Kana kanji simple inversion library

Project description

Overview

Documentation Status PyPI version https://raw.githubusercontent.com/vshymanskyy/StandWithUkraine/main/badges/StandWithUkraine.svg

pykakasi is a Python Natural Language Processing (NLP) library to transliterate hiragana, katakana and kanji (Japanese text) into rōmaji (Latin/Roman alphabet). It can handle characters in NFC form.

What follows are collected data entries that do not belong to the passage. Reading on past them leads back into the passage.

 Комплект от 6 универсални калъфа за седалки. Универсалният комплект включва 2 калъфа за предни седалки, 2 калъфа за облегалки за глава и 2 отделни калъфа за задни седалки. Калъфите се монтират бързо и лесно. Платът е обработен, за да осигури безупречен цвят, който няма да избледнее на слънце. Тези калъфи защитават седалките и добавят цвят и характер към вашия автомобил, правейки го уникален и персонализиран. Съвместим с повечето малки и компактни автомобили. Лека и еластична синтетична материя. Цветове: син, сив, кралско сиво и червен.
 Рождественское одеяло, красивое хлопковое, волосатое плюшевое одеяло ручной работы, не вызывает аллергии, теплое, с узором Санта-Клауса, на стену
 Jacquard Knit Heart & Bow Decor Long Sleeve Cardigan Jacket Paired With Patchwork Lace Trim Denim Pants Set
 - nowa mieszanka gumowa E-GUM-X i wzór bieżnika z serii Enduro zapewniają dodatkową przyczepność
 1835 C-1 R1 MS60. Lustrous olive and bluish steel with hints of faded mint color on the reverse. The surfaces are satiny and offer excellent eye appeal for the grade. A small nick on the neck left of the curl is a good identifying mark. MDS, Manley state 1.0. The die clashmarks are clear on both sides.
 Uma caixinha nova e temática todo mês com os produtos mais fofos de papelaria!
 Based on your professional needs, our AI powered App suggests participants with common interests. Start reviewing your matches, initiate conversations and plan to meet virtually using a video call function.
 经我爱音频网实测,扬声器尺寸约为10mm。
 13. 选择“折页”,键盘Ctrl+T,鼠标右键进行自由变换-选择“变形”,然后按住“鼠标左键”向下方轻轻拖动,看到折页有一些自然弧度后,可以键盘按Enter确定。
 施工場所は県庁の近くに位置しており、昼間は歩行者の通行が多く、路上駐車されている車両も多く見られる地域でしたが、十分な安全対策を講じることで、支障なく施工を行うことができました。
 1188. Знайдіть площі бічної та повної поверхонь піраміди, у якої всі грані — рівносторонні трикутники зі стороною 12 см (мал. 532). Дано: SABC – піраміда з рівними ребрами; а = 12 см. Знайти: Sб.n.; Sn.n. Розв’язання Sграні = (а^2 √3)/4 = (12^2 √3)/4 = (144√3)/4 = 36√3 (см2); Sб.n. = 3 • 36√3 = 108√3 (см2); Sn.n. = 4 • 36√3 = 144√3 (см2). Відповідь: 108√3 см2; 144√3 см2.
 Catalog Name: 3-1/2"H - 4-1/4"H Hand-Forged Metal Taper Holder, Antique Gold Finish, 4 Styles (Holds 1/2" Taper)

Its algorithms are based on the kakasi library, which is written in C.

Supported python versions

  • pykakasi supports python 3.8, 3.9, 3.10, 3.11, 3.12, 3.13 and pypy3

Usage

Transliterate Japanese text to kana, hiragana and romaji:

import pykakasi
kks = pykakasi.kakasi()
text = "かな漢字"
result = kks.convert(text)
for item in result:
    print("{}: kana '{}', hiragana '{}', romaji: '{}'".format(item['orig'], item['kana'], item['hira'], item['hepburn']))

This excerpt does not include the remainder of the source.